Task item: Your answer must consist of exactly the lines below, starting with the line with "- Mettre le" and going on through the line with "根據(jù)表2數(shù)", and nothing else.

START Records to process

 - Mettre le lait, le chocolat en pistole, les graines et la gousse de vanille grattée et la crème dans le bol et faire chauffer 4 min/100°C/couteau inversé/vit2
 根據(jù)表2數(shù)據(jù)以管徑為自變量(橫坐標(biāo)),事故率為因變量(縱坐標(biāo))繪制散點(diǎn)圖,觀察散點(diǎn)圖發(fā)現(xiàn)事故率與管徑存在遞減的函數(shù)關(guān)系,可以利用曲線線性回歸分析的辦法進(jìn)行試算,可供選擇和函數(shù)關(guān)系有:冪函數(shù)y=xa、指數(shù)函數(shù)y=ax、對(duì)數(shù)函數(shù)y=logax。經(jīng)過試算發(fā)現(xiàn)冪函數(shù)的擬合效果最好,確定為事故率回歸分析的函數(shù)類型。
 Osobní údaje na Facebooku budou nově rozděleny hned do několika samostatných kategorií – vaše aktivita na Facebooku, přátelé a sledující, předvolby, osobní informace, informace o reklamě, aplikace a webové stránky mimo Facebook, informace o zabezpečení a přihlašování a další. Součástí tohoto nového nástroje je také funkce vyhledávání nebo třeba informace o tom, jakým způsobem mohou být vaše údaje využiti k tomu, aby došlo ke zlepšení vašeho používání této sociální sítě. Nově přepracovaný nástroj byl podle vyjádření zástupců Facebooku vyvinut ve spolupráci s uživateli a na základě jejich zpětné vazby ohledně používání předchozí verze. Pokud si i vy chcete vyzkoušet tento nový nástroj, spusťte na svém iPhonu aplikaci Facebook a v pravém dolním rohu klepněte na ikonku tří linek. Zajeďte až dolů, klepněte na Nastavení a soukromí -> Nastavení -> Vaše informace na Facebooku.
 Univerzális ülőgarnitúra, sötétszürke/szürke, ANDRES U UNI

END Records to process
START Records to process

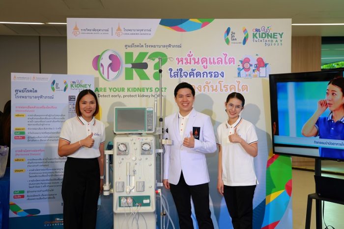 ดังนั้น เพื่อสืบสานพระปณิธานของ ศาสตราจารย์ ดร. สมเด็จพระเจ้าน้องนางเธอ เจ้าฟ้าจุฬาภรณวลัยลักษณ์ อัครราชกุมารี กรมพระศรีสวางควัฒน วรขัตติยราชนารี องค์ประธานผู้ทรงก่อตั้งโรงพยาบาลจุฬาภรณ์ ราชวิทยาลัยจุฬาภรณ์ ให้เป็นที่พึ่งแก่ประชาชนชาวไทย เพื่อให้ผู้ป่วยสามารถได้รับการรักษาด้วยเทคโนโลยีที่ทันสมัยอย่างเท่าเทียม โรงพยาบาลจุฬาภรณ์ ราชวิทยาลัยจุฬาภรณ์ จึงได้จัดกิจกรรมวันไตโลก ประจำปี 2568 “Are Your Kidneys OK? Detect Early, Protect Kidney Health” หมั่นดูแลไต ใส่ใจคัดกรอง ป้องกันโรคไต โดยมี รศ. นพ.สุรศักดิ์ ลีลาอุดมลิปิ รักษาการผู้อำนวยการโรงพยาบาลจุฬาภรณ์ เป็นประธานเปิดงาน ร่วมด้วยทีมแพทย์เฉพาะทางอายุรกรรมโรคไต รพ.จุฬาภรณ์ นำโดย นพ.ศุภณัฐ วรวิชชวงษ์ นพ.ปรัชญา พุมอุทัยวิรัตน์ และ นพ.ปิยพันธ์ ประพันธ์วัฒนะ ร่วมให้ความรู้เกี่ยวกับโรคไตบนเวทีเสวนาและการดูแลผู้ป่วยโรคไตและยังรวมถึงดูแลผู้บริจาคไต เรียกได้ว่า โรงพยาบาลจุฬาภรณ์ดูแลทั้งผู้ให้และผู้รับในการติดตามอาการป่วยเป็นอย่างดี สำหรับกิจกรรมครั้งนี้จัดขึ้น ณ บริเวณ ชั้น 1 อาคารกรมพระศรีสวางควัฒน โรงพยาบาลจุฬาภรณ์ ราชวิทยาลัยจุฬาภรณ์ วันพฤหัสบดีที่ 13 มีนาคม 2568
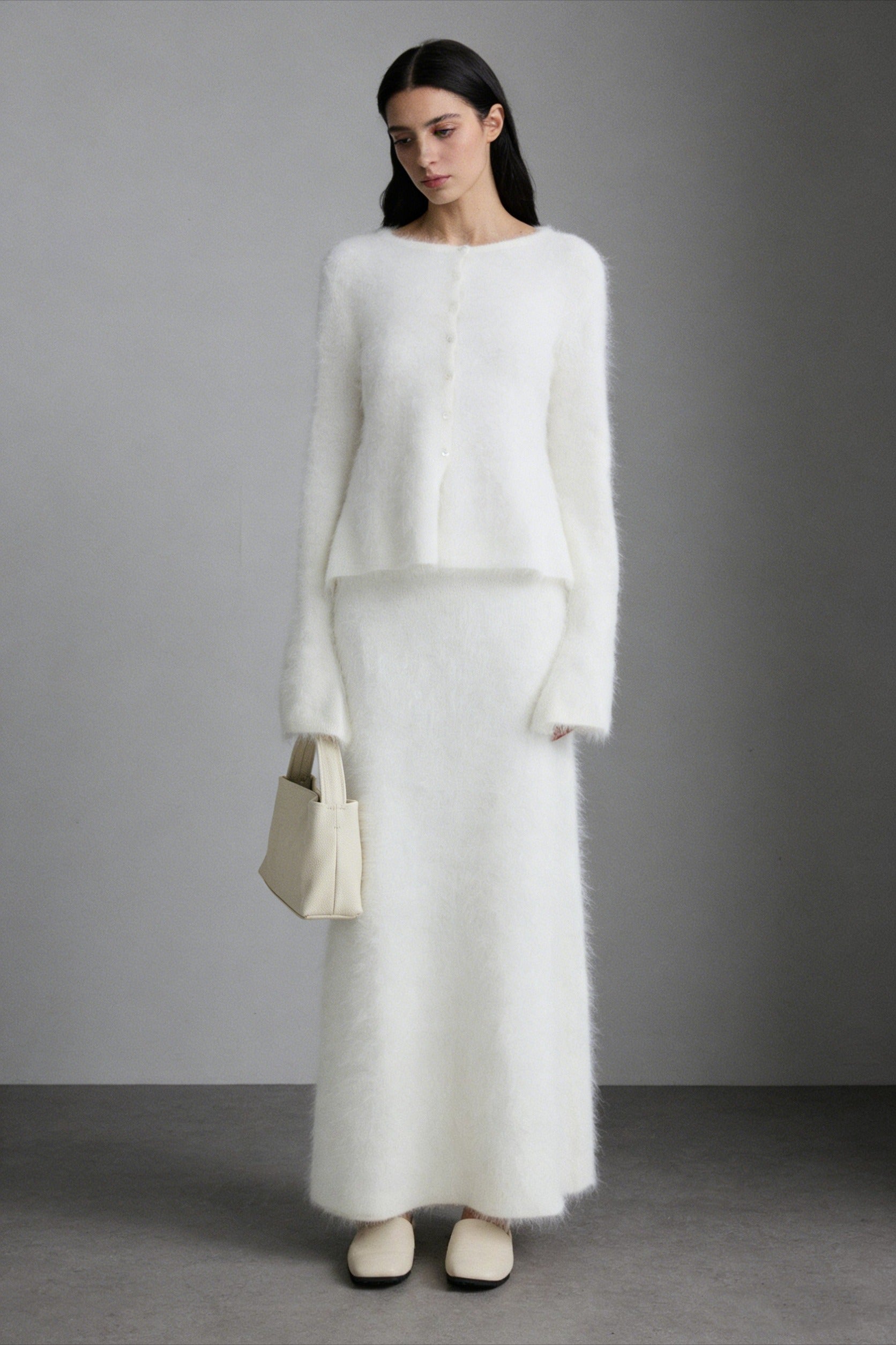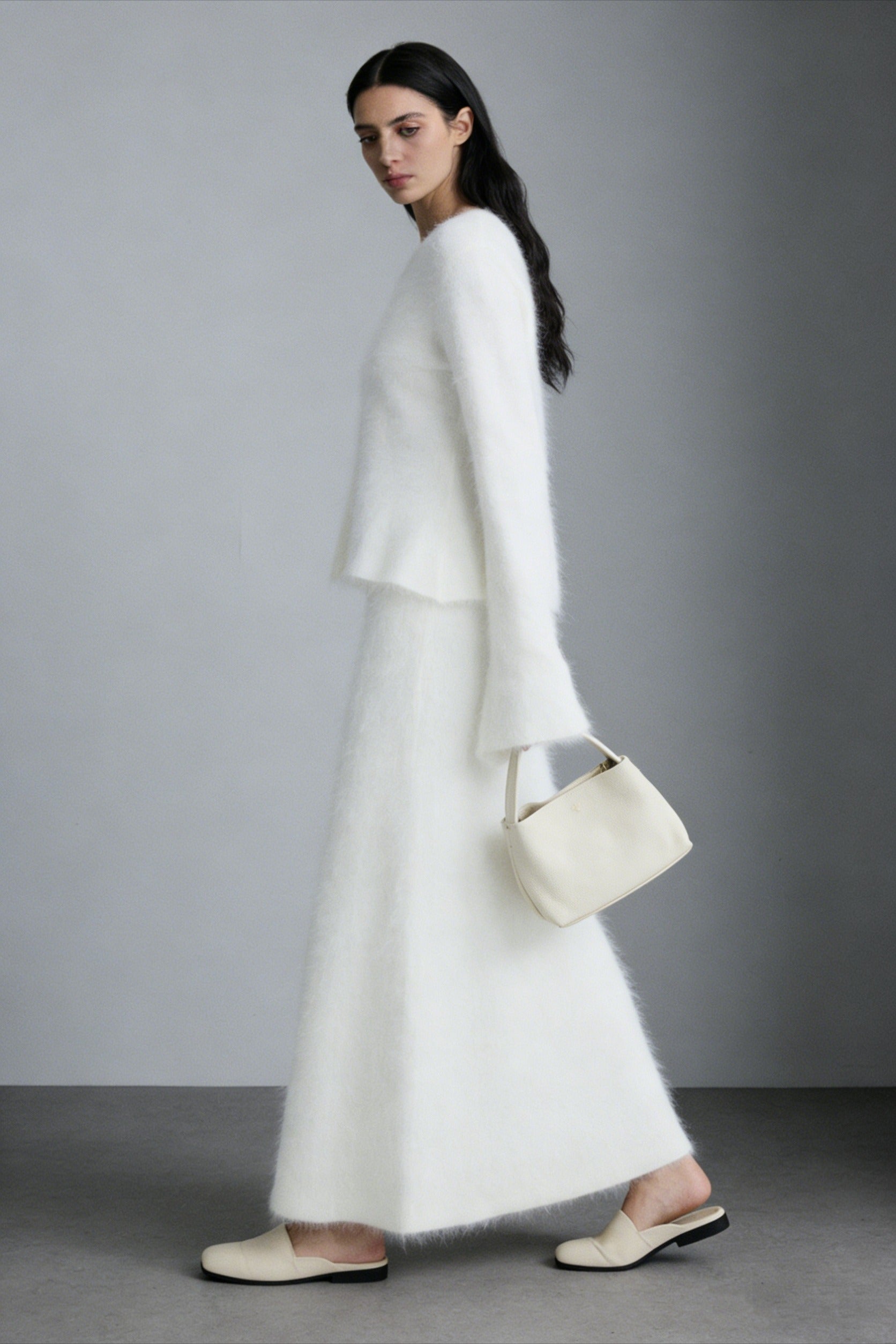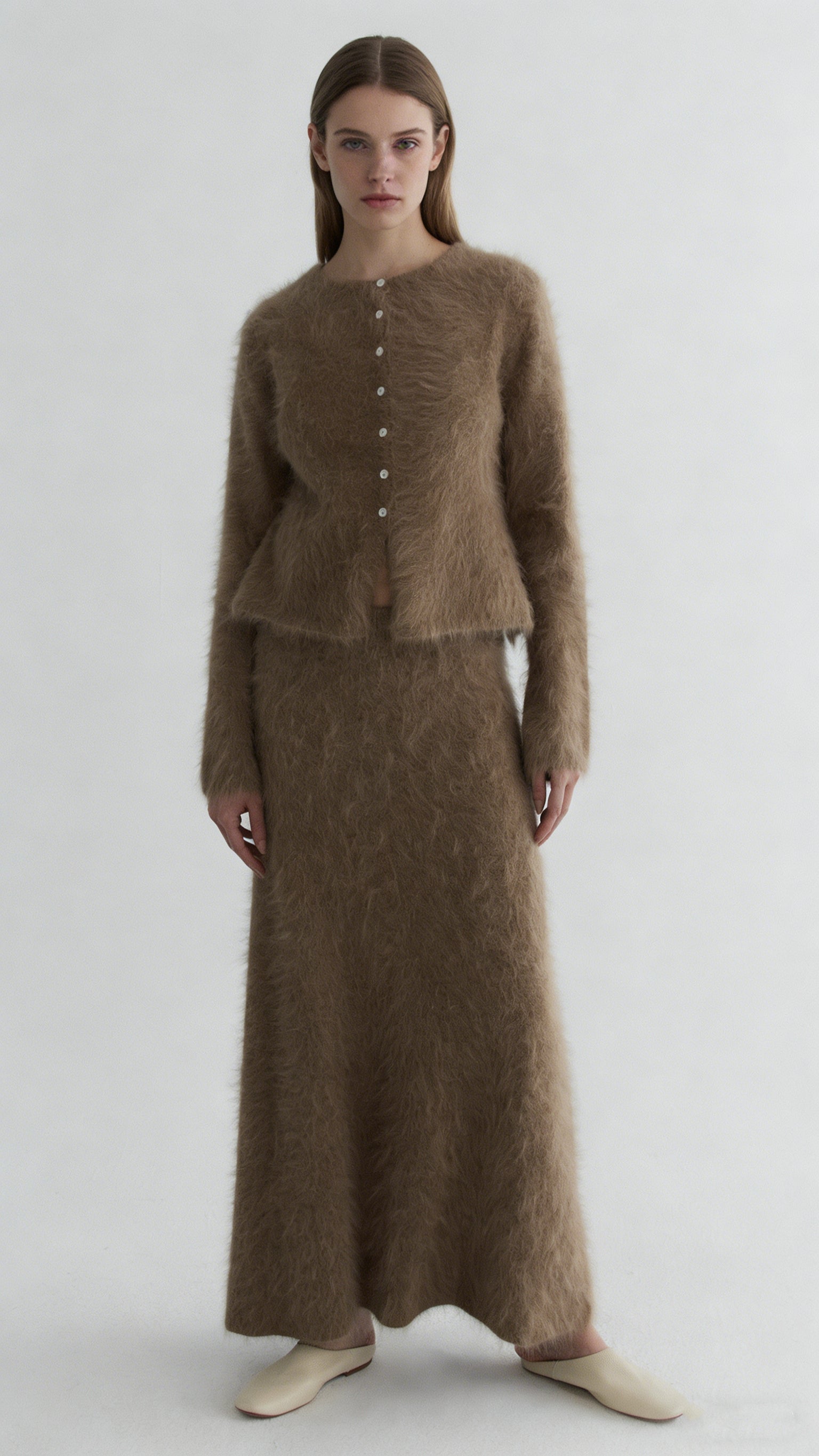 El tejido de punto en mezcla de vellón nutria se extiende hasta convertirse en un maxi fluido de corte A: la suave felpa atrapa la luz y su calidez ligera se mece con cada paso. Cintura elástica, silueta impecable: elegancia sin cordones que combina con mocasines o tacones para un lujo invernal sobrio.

END Records to process

Solution to this problem:
 - Mettre le lait, le chocolat en pistole, les graines et la gousse de vanille grattée et la crème dans le bol et faire chauffer 4 min/100°C/couteau inversé/vit2
 根據(jù)表2數(shù)據(jù)以管徑為自變量(橫坐標(biāo)),事故率為因變量(縱坐標(biāo))繪制散點(diǎn)圖,觀察散點(diǎn)圖發(fā)現(xiàn)事故率與管徑存在遞減的函數(shù)關(guān)系,可以利用曲線線性回歸分析的辦法進(jìn)行試算,可供選擇和函數(shù)關(guān)系有:冪函數(shù)y=xa、指數(shù)函數(shù)y=ax、對(duì)數(shù)函數(shù)y=logax。經(jīng)過試算發(fā)現(xiàn)冪函數(shù)的擬合效果最好,確定為事故率回歸分析的函數(shù)類型。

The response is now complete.